[Material for the task — start]
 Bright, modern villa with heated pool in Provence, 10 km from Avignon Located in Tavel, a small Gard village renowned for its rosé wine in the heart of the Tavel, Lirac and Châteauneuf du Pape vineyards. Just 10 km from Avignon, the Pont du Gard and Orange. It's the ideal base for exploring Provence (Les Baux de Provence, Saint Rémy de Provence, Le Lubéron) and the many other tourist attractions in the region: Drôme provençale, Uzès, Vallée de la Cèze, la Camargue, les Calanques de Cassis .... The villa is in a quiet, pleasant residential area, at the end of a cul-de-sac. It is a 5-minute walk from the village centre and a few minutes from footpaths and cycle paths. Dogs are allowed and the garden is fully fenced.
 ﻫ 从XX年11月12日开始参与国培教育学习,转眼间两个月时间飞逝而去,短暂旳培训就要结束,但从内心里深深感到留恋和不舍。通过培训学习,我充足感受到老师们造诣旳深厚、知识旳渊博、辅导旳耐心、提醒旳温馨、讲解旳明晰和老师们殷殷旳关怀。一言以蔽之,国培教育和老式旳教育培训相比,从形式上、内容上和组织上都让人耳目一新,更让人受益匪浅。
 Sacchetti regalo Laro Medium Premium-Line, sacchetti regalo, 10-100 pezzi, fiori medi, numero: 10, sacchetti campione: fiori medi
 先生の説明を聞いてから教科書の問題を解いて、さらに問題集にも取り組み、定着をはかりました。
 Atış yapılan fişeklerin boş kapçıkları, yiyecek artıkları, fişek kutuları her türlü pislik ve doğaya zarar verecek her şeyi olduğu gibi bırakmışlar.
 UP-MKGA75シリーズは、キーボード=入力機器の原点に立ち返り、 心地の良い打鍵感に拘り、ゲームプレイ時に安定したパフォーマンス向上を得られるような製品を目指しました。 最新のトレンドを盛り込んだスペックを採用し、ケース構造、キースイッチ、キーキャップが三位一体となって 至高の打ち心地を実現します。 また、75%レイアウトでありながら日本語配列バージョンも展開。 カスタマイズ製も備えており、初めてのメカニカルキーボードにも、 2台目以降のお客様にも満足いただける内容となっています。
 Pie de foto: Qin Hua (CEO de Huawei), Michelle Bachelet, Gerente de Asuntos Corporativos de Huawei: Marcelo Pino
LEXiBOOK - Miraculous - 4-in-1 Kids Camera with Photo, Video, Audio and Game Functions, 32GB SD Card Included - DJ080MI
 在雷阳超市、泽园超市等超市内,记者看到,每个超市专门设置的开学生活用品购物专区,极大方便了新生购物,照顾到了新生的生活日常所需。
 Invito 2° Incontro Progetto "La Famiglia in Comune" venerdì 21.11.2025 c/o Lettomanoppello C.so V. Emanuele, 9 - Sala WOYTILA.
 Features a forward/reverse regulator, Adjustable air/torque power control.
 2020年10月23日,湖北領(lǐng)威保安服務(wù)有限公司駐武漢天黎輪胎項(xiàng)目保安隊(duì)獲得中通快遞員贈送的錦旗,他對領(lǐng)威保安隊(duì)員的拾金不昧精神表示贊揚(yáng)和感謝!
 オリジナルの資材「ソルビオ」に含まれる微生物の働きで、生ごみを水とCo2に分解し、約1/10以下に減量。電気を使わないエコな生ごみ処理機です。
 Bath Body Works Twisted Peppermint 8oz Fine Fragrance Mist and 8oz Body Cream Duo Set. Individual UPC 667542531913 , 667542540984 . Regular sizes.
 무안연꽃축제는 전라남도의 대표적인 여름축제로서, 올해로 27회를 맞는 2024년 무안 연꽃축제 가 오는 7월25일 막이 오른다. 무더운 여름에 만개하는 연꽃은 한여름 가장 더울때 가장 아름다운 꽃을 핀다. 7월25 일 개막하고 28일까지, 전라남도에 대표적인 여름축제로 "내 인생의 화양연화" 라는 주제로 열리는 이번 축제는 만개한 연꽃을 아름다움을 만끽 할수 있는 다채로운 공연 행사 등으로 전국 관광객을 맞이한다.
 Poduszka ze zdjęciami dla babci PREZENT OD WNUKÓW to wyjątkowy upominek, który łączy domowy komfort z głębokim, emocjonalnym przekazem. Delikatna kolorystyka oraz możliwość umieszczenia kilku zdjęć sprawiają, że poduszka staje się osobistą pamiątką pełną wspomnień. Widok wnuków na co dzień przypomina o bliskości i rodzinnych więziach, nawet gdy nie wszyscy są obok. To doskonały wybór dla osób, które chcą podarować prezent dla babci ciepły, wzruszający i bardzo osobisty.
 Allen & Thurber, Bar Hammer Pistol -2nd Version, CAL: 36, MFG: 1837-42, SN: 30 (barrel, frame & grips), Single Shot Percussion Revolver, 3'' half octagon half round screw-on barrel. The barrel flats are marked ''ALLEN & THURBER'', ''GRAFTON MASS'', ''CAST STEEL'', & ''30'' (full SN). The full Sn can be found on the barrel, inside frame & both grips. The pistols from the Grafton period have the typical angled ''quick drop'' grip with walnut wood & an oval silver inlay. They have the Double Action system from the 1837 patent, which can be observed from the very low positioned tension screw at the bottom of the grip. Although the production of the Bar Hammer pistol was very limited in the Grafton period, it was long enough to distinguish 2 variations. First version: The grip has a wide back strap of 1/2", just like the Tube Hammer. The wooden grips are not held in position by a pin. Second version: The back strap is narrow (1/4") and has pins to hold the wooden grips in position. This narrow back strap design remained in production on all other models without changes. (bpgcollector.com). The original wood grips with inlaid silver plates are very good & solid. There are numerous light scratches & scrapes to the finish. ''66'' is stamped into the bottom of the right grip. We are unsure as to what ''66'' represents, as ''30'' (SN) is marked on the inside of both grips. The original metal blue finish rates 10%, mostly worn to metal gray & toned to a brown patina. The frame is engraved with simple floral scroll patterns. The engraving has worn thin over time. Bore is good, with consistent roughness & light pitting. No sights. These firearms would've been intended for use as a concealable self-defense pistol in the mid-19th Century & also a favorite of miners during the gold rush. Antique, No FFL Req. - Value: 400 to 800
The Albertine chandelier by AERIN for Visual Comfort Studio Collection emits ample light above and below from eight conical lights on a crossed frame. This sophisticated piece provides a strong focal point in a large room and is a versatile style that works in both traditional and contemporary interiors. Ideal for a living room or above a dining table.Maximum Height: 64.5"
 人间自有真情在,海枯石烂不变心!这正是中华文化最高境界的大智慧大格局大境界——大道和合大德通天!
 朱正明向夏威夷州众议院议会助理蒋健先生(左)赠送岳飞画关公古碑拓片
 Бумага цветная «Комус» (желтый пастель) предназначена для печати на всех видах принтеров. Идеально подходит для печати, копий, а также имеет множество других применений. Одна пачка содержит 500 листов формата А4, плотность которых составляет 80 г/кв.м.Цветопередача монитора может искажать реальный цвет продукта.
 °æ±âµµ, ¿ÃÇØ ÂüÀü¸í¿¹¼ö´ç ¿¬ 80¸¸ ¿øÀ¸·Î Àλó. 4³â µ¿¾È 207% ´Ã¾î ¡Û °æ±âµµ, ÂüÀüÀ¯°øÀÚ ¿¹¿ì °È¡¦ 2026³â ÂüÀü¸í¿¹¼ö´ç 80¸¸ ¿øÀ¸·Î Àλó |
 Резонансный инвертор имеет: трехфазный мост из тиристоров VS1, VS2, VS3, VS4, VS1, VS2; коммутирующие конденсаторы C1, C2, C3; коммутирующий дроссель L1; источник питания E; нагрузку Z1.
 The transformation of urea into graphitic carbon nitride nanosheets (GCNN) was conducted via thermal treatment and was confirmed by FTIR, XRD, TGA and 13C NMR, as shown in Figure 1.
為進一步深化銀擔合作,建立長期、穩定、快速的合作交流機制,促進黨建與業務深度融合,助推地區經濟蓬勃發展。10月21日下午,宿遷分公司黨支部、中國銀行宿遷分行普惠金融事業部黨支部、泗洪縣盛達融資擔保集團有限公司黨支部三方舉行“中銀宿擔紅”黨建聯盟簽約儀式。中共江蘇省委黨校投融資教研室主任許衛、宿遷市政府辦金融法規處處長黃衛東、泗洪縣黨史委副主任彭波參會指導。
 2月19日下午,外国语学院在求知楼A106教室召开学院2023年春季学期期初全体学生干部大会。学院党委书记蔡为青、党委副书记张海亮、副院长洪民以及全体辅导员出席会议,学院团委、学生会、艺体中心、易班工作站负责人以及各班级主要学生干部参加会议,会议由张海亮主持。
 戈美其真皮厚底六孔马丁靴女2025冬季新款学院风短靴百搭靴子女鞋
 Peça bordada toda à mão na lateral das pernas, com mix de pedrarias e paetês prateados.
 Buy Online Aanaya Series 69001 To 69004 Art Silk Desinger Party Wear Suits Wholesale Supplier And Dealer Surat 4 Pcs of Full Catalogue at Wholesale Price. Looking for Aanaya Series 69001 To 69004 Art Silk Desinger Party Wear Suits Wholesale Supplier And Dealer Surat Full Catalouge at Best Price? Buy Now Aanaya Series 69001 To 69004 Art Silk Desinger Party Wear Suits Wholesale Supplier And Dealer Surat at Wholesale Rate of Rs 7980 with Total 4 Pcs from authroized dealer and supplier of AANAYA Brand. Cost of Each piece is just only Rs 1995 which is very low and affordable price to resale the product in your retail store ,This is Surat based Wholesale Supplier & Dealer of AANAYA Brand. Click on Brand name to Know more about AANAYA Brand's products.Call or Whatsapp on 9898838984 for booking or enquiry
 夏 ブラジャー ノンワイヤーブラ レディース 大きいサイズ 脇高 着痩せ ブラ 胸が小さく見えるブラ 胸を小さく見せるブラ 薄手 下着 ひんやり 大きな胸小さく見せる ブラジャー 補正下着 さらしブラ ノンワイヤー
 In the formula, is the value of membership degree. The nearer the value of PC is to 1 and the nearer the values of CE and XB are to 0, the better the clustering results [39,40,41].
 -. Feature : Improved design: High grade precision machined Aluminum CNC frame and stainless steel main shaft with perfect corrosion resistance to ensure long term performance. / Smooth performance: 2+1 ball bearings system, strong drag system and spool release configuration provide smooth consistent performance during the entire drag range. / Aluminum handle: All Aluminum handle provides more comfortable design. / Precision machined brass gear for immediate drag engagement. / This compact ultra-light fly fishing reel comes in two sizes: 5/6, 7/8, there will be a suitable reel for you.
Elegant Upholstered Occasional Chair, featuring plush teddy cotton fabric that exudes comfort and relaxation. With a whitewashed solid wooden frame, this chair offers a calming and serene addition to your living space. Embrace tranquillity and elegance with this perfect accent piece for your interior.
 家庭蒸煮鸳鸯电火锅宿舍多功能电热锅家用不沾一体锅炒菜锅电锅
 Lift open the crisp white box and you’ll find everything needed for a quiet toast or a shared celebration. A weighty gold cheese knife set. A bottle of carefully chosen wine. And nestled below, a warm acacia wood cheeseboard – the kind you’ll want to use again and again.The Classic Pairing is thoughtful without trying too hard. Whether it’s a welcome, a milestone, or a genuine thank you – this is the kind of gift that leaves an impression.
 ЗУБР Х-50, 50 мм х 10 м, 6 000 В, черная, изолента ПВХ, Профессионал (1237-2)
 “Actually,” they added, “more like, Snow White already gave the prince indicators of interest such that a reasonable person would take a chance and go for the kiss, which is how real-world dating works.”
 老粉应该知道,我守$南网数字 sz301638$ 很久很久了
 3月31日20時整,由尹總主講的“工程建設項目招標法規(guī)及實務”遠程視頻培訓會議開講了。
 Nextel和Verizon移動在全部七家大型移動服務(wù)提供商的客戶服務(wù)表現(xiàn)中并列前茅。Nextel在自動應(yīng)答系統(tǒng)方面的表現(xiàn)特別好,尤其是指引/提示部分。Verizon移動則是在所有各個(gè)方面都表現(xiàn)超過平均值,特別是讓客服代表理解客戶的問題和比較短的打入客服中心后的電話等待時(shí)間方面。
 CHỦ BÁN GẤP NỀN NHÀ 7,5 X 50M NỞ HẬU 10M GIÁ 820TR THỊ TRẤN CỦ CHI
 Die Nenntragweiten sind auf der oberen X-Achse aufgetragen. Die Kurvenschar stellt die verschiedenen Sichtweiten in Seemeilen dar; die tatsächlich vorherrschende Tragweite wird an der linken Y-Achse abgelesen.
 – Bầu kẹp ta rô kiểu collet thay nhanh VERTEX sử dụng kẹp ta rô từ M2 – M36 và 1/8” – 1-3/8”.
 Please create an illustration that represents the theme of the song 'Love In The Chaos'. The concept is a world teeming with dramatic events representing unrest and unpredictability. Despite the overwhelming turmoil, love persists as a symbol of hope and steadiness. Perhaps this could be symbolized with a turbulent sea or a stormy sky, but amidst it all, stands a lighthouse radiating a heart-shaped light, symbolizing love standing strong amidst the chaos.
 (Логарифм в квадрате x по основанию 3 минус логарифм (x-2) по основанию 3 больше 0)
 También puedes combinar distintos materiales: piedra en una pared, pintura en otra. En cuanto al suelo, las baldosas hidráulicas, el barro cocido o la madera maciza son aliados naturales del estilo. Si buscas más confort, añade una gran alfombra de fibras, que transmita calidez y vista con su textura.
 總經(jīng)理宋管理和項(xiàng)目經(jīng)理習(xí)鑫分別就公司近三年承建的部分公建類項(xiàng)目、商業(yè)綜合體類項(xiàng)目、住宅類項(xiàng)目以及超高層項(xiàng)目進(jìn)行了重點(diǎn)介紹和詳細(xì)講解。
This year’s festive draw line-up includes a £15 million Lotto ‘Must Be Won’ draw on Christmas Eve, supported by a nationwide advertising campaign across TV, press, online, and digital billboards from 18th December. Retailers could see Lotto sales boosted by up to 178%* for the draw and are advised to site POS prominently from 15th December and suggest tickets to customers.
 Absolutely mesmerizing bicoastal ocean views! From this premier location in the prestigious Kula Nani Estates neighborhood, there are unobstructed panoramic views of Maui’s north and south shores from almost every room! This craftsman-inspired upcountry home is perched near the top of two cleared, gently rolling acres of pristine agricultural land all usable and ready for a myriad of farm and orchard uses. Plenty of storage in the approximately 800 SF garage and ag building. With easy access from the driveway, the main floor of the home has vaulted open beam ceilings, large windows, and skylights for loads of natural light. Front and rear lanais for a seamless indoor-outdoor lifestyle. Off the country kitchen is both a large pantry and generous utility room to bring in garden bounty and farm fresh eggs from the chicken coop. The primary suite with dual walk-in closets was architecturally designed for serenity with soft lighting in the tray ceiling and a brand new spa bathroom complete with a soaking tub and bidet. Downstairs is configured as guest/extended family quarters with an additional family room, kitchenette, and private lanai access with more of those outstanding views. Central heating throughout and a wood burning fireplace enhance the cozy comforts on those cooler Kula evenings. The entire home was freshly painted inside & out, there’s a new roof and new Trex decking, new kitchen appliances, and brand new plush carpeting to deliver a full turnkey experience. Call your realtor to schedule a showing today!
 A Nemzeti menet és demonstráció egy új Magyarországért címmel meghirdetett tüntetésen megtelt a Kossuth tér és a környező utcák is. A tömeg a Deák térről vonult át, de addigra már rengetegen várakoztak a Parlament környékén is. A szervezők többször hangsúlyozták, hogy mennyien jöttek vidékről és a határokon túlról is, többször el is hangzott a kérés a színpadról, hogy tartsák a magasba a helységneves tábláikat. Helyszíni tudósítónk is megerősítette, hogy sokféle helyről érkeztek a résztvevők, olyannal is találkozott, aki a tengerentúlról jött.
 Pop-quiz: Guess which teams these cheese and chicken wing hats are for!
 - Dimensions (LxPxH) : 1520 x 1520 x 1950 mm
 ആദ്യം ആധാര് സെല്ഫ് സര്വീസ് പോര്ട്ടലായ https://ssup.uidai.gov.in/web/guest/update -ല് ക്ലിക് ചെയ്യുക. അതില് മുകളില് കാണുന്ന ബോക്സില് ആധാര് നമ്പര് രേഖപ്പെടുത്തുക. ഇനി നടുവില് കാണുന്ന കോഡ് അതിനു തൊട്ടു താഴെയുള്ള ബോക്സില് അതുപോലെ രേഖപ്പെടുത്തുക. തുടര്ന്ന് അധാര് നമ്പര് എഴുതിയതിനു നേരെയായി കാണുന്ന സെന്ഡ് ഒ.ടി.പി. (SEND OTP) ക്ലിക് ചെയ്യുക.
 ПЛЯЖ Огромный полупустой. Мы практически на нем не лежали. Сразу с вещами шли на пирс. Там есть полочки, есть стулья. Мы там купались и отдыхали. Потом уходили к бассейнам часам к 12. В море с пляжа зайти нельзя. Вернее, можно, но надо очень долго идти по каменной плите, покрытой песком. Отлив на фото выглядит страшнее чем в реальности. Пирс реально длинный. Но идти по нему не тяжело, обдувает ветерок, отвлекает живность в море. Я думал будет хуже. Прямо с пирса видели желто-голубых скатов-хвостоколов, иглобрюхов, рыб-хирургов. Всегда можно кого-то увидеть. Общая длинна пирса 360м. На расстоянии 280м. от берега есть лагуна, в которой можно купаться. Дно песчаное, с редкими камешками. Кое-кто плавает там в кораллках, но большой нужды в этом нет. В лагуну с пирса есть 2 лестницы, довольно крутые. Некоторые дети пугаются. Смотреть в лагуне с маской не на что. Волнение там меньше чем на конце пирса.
[Material for the task — finish]
> Exercise aim: Your answer should be the lines above, from the line containing "CHỦ BÁN GẤP" up to and including the line containing "總經(jīng)理宋管理和項", reproduced exactly and with nothing else.

> Result below:
 CHỦ BÁN GẤP NỀN NHÀ 7,5 X 50M NỞ HẬU 10M GIÁ 820TR THỊ TRẤN CỦ CHI
 Die Nenntragweiten sind auf der oberen X-Achse aufgetragen. Die Kurvenschar stellt die verschiedenen Sichtweiten in Seemeilen dar; die tatsächlich vorherrschende Tragweite wird an der linken Y-Achse abgelesen.
 – Bầu kẹp ta rô kiểu collet thay nhanh VERTEX sử dụng kẹp ta rô từ M2 – M36 và 1/8” – 1-3/8”.
 Please create an illustration that represents the theme of the song 'Love In The Chaos'. The concept is a world teeming with dramatic events representing unrest and unpredictability. Despite the overwhelming turmoil, love persists as a symbol of hope and steadiness. Perhaps this could be symbolized with a turbulent sea or a stormy sky, but amidst it all, stands a lighthouse radiating a heart-shaped light, symbolizing love standing strong amidst the chaos.
 (Логарифм в квадрате x по основанию 3 минус логарифм (x-2) по основанию 3 больше 0)
 También puedes combinar distintos materiales: piedra en una pared, pintura en otra. En cuanto al suelo, las baldosas hidráulicas, el barro cocido o la madera maciza son aliados naturales del estilo. Si buscas más confort, añade una gran alfombra de fibras, que transmita calidez y vista con su textura.
 總經(jīng)理宋管理和項(xiàng)目經(jīng)理習(xí)鑫分別就公司近三年承建的部分公建類項(xiàng)目、商業(yè)綜合體類項(xiàng)目、住宅類項(xiàng)目以及超高層項(xiàng)目進(jìn)行了重點(diǎn)介紹和詳細(xì)講解。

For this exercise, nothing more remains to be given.